> **THE PROBLEM**
Should a picture appear anywhere in the data, omit it and copy everything else exactly.

> **MATERIAL PROVIDED**
---------------

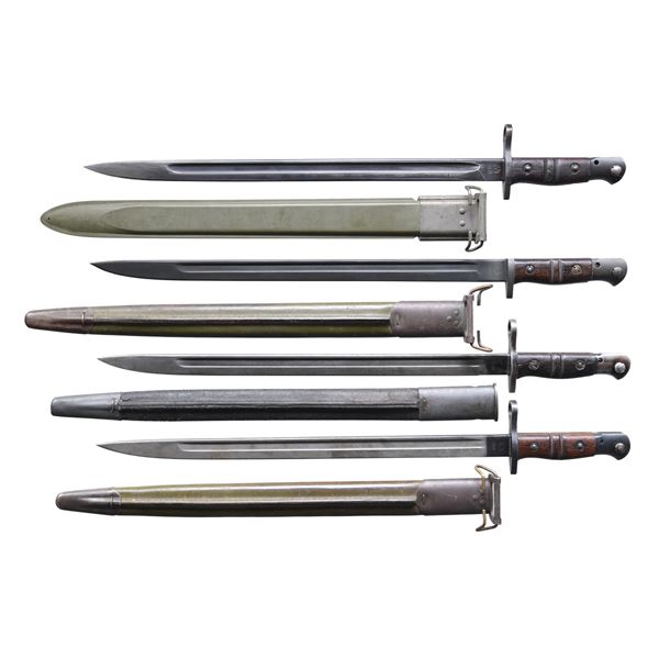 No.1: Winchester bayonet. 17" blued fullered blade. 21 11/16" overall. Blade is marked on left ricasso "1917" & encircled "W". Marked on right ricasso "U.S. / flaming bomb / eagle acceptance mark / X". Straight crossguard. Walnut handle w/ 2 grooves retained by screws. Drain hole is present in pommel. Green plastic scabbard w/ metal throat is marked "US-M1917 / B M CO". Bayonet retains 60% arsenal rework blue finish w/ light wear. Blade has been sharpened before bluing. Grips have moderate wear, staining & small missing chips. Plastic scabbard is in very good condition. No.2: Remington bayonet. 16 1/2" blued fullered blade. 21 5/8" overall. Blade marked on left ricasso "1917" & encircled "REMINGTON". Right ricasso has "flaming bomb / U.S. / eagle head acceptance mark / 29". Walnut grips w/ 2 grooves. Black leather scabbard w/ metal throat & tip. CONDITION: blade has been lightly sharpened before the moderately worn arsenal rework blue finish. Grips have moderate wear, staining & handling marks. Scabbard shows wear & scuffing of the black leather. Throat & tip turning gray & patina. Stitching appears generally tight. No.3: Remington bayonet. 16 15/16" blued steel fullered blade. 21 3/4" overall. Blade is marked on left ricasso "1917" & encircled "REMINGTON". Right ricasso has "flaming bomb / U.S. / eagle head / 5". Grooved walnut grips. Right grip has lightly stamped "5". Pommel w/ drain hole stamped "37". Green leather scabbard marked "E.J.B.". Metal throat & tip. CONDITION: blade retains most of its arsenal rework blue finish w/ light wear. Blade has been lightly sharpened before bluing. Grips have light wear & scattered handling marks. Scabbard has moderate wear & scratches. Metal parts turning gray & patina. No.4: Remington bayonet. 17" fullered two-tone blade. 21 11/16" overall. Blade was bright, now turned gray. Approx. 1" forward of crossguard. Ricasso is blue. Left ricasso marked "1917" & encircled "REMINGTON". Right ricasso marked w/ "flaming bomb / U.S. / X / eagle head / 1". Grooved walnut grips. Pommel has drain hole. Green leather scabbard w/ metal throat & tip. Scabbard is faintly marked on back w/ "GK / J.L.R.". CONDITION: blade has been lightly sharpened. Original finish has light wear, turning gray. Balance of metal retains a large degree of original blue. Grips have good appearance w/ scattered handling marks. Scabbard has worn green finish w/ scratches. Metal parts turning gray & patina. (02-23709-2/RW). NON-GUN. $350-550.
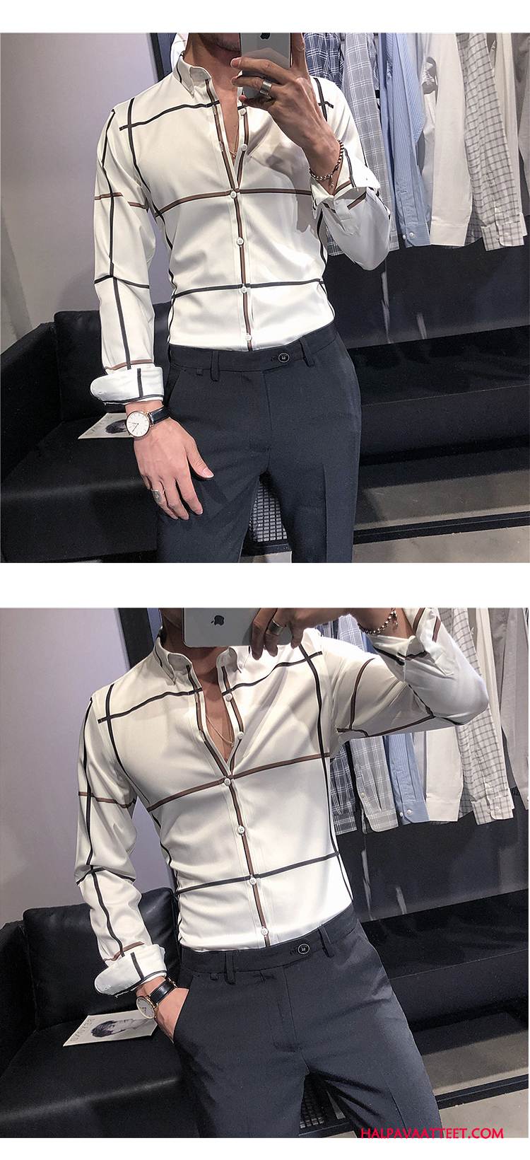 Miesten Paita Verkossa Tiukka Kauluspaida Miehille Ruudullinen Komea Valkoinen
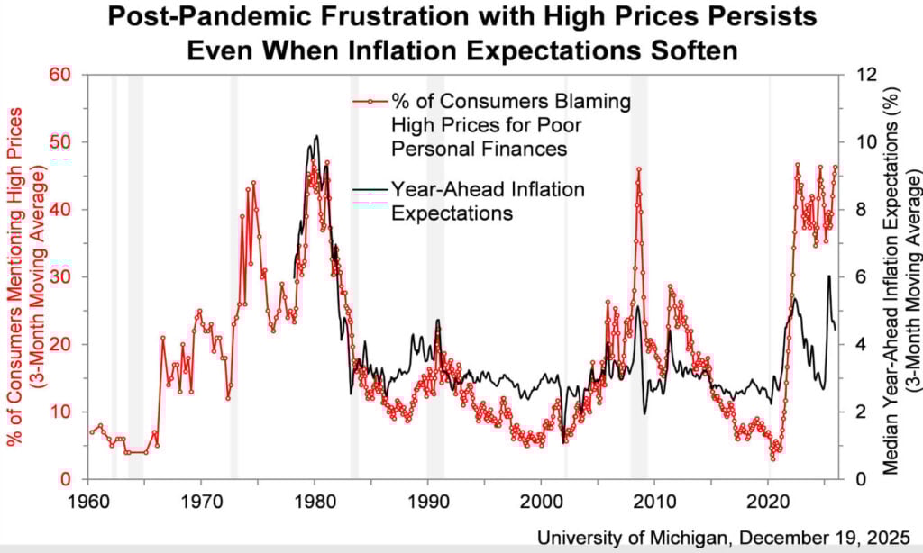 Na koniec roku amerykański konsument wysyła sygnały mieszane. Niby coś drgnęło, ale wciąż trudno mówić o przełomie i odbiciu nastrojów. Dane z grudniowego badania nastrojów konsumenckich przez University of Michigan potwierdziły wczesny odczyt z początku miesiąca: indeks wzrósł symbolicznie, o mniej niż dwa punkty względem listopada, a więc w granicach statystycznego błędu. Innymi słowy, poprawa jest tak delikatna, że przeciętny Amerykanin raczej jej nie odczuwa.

---------------

> **OUTPUT BELOW**
 No.1: Winchester bayonet. 17" blued fullered blade. 21 11/16" overall. Blade is marked on left ricasso "1917" & encircled "W". Marked on right ricasso "U.S. / flaming bomb / eagle acceptance mark / X". Straight crossguard. Walnut handle w/ 2 grooves retained by screws. Drain hole is present in pommel. Green plastic scabbard w/ metal throat is marked "US-M1917 / B M CO". Bayonet retains 60% arsenal rework blue finish w/ light wear. Blade has been sharpened before bluing. Grips have moderate wear, staining & small missing chips. Plastic scabbard is in very good condition. No.2: Remington bayonet. 16 1/2" blued fullered blade. 21 5/8" overall. Blade marked on left ricasso "1917" & encircled "REMINGTON". Right ricasso has "flaming bomb / U.S. / eagle head acceptance mark / 29". Walnut grips w/ 2 grooves. Black leather scabbard w/ metal throat & tip. CONDITION: blade has been lightly sharpened before the moderately worn arsenal rework blue finish. Grips have moderate wear, staining & handling marks. Scabbard shows wear & scuffing of the black leather. Throat & tip turning gray & patina. Stitching appears generally tight. No.3: Remington bayonet. 16 15/16" blued steel fullered blade. 21 3/4" overall. Blade is marked on left ricasso "1917" & encircled "REMINGTON". Right ricasso has "flaming bomb / U.S. / eagle head / 5". Grooved walnut grips. Right grip has lightly stamped "5". Pommel w/ drain hole stamped "37". Green leather scabbard marked "E.J.B.". Metal throat & tip. CONDITION: blade retains most of its arsenal rework blue finish w/ light wear. Blade has been lightly sharpened before bluing. Grips have light wear & scattered handling marks. Scabbard has moderate wear & scratches. Metal parts turning gray & patina. No.4: Remington bayonet. 17" fullered two-tone blade. 21 11/16" overall. Blade was bright, now turned gray. Approx. 1" forward of crossguard. Ricasso is blue. Left ricasso marked "1917" & encircled "REMINGTON". Right ricasso marked w/ "flaming bomb / U.S. / X / eagle head / 1". Grooved walnut grips. Pommel has drain hole. Green leather scabbard w/ metal throat & tip. Scabbard is faintly marked on back w/ "GK / J.L.R.". CONDITION: blade has been lightly sharpened. Original finish has light wear, turning gray. Balance of metal retains a large degree of original blue. Grips have good appearance w/ scattered handling marks. Scabbard has worn green finish w/ scratches. Metal parts turning gray & patina. (02-23709-2/RW). NON-GUN. $350-550.
 Miesten Paita Verkossa Tiukka Kauluspaida Miehille Ruudullinen Komea Valkoinen
 Na koniec roku amerykański konsument wysyła sygnały mieszane. Niby coś drgnęło, ale wciąż trudno mówić o przełomie i odbiciu nastrojów. Dane z grudniowego badania nastrojów konsumenckich przez University of Michigan potwierdziły wczesny odczyt z początku miesiąca: indeks wzrósł symbolicznie, o mniej niż dwa punkty względem listopada, a więc w granicach statystycznego błędu. Innymi słowy, poprawa jest tak delikatna, że przeciętny Amerykanin raczej jej nie odczuwa.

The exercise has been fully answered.